Matisyahu beat boxes, lights menorah with Kalamazoo Jewish Community in Bronson Park 

Although his visit was a short one, Matisyahu delighted an intimate crowd by answering questions, signing autographs and beat boxing during a menorah lighting in Bronson Park Sunday.

Matisyahu, a Hasidic Jewish hip-hop/reggae recording artist, made the appearance at the lighting celebration on the fifth night of Hanukkah before his show at Kalamazoo State Theatre scheduled for Sunday night.

Standing next to the 12-foot menorah recently installed in Bronson Park, Matisyahu did some beat boxing, showing off some of the musical skills that have made him a Grammy-nominated star. Matisyahu also answered some questions from the crowd of more than 100.

When asked what type of music he likes to produce, Matisyahu said anything that is "true to his experience."

Before leaving the event, he signed some autographs for young fans.

Beth Grode, president of The Jewish Federation of Kalamazoo, said when she found out that Matisyahu was going to be in Kalamazoo for a concert, she had to ask his agent if he could come to the menorah lighting.

"He was very honored when we asked him," Grode said. "My family and I are big Matisyahu fans so we were excited."

The event also included dancing, singing traditional Jewish songs and eating sufganiyot, round jelly donuts fried in oil. During Hanukkah, the Jewish community often eats fried foods in memory of the miracle of the Temple oil that burned for eight days when the Maccabees rededicated the Temple in Jerusalem.

Hanukkah commemorates the rededicated Temple after the Maccabees, a small band of pious Jews, revolted against and defeated the Syrian-Greeks in 165 B.C.E.

Rabbi Mordechai Haller, of the Chabad House of Kalamazoo, said the Kalamazoo Jewish community can learn a lot from the Maccabees and the story behind Hanukkah.

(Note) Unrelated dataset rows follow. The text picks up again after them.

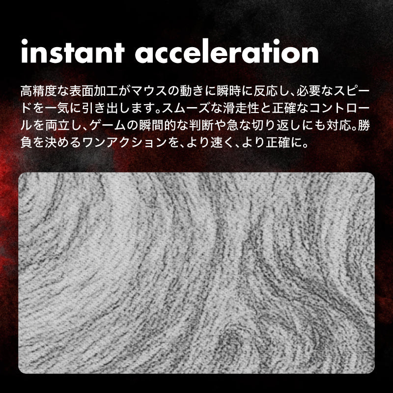 スピードタイプとコントロールタイプ、それぞれの長所をバランスよく融合させたハイブリッド仕様のゲーミングマウスパッド。 軽やかな滑り出しと、狙った位置でしっかり止まる制動感を両立。表面には適度な摩擦感を持たせ、精密なトラッキングにも対応します。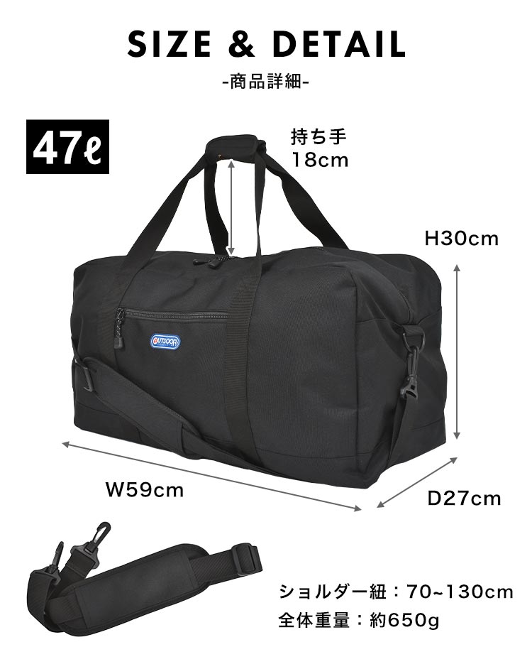 ボストンバッグ 旅行 OUTDOOR PRODUCTS アウトドア プロダクツ メンズ レディース 大容量 ショルダーバッグ 2way 47L 修学旅行 大きい 通勤 通学 大型 シンプル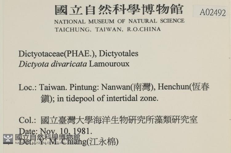 Collector:國立臺灣大學海洋生物研究所藻類研究室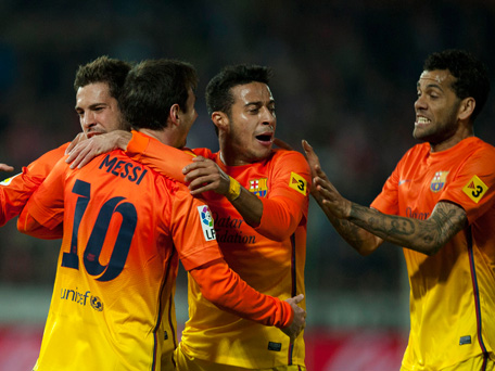 FC Barcelona's Lionel Messi from Argentina, second left, celebrates his goal with his teammates Jordi Alba, left, Thiago Alcantara, second right, and Daniel Alves, from Brazil, right, during a Spanish La Liga soccer match at Los Carmenes stadium in Granada, Spain, Saturday, Feb. 16, 2013. (AP)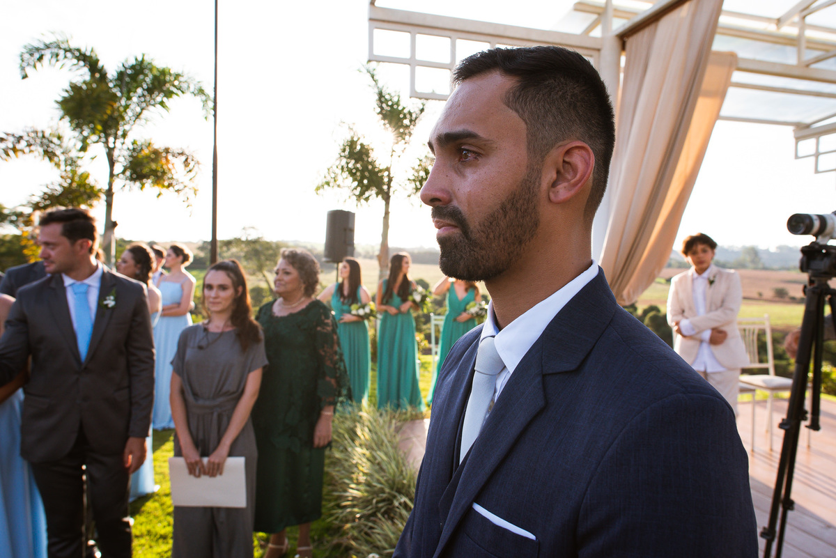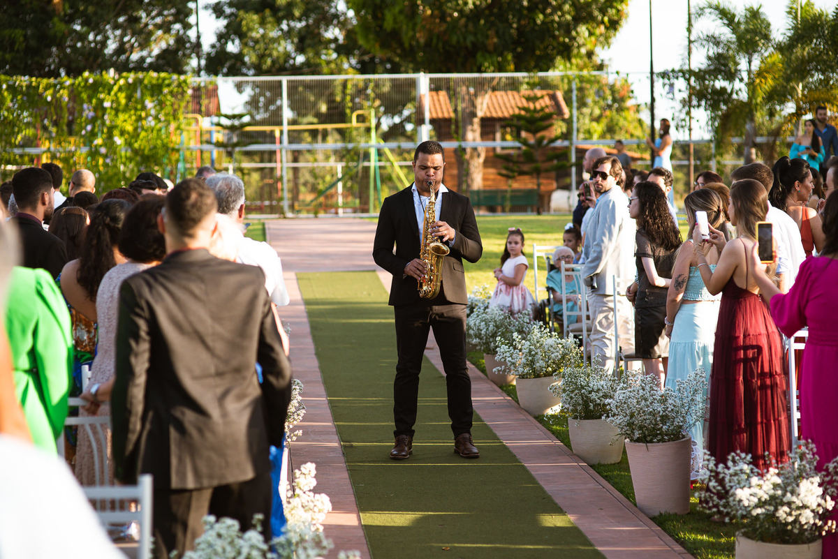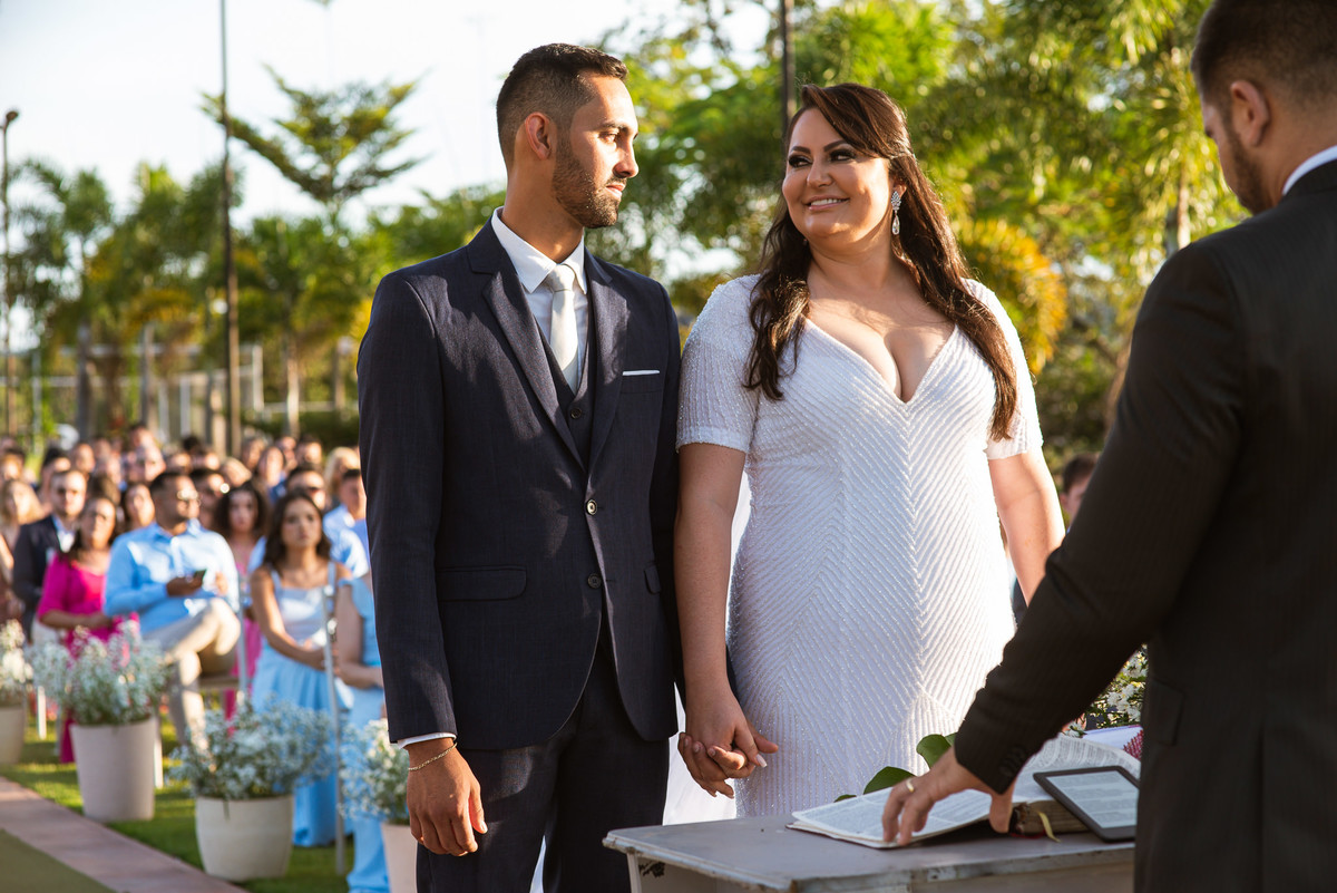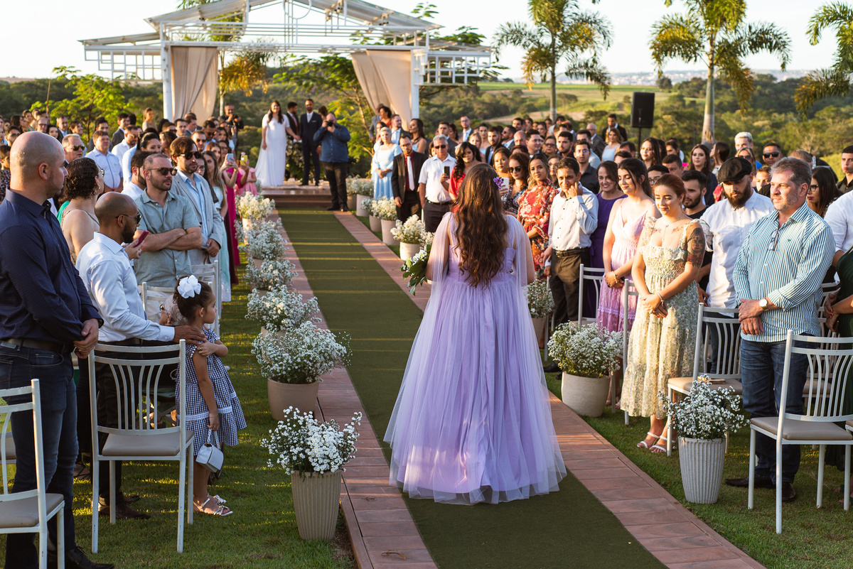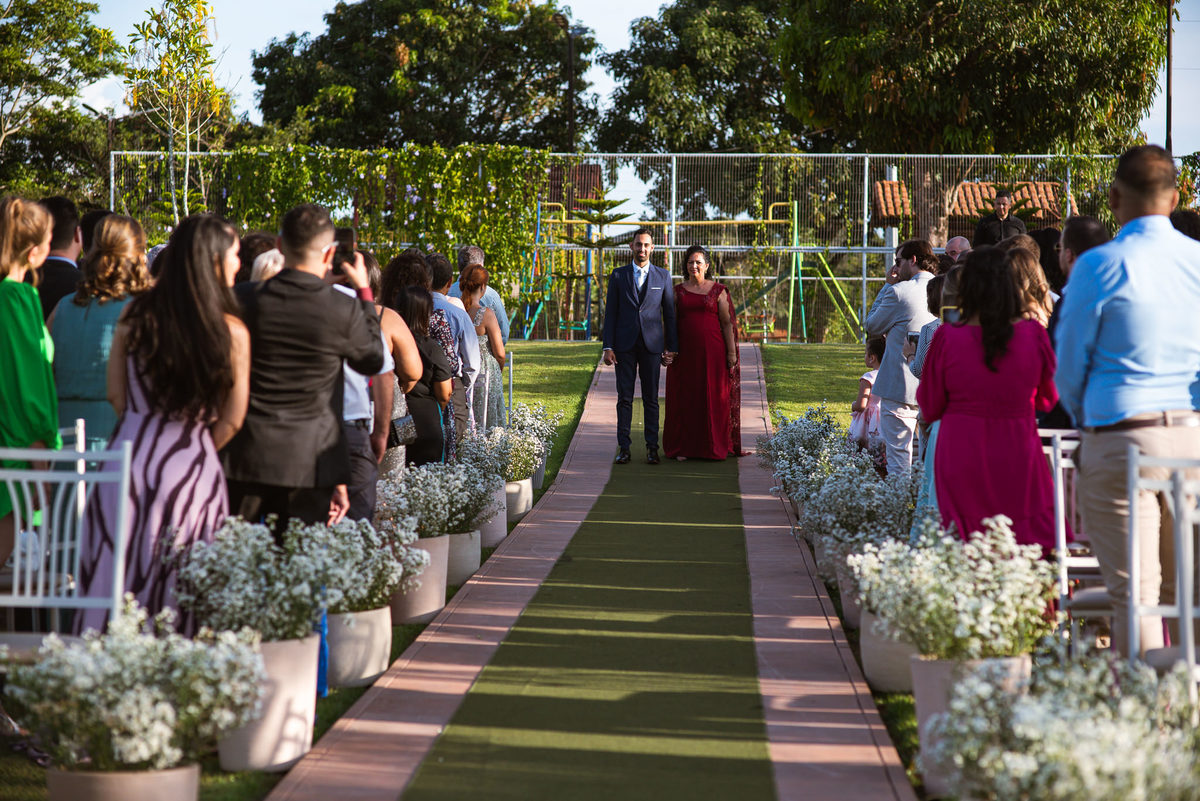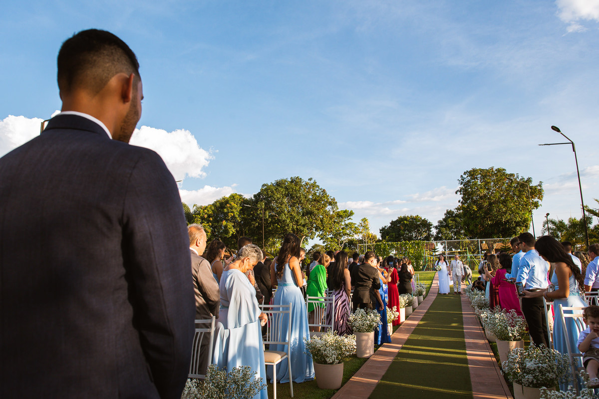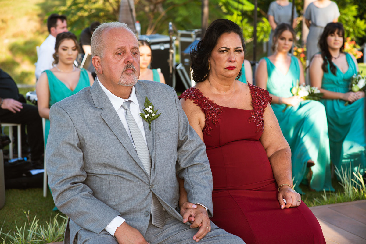 Aquela tarde linda de sol e um céu azul inigualável deixou tudo ainda mais lindo. Daniel juntamente com sua mãe caminhou muito emocionado rumo ao altar. Já no meio da caminhada, ele não segurou as lágrimas. Os padrinhos e madrinhas fizeram da sua entrada um verdadeiro show. Sorriam e abrilhantavam a cerimônia com carisma e muita alegria. Dayane escolheu 11 damas adultas para também fazer parte do seu momento. Enfim, ao som do saxofone, era anunciada a chegada do momento mais importante do casamento. Dayane e seu pai caminhavam lentamente, curtindo cada segundo daquele momento único e inesquecível. Visivelmente emocionado, Daniel mal conseguia conter as lágrimas. Dayane por sua vez, quando avistou seu noivo chorando, não conseguiu mais segurar a emoção.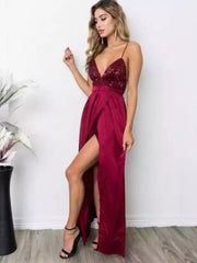 A-Line Sleeveless Straps Floor-Length Sequin Chiffon Dresses Bridesmaid Dresses - US 2 / UK 6 / EU 32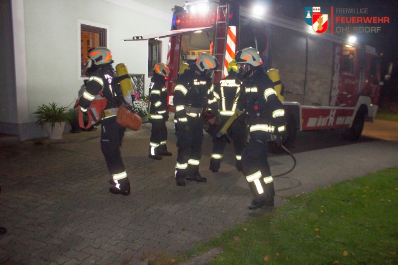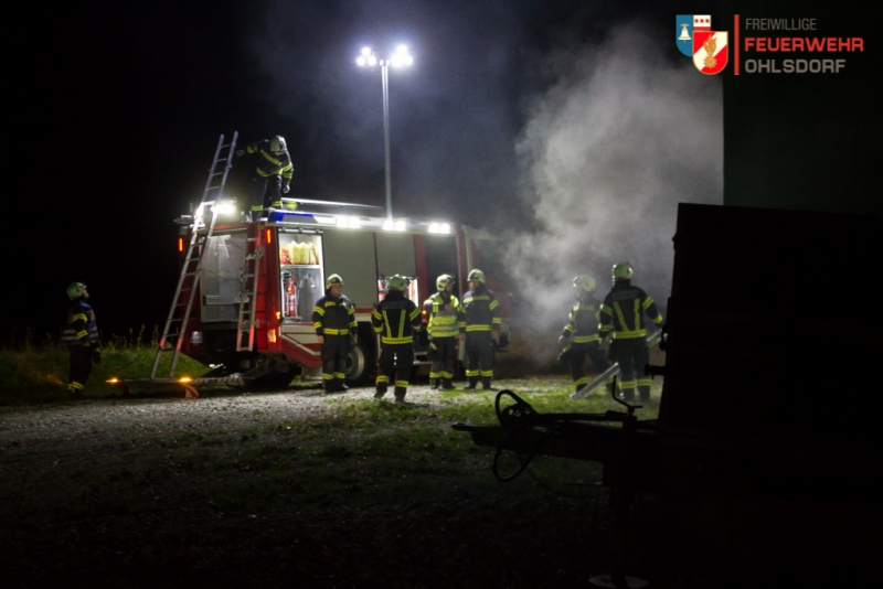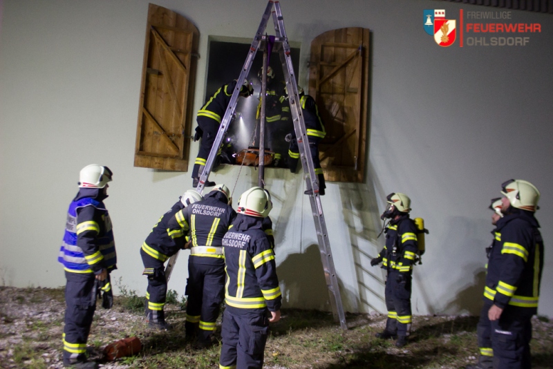 Ein Brand in einem landwirtschaftlichen Anwesen in Traich mit fünf vermissten Personen. Das bedeutete viel Arbeit für die 26 Mann starke Einsatztruppe der Feuerwehr Ohlsdorf, bei der wöchentlichen Übung am Donnerstag, 03. Oktober 2019. Übungsobjekt war der Hof der Familie Kreutzer in Traich.

"The Maccabees were a very small group, just like the Kalamazoo Jewish community," he said. "But against all odds, they did what was right. Because of that, God helped them and they were successful in a miraculous way."

This is the first year the Jewish community has had a presence in Bronson Park during the holidays, Grode said.

"It's a great way to bring the whole Jewish community together and to show others that Hanukkah isn't just a Jewish Christmas," she said.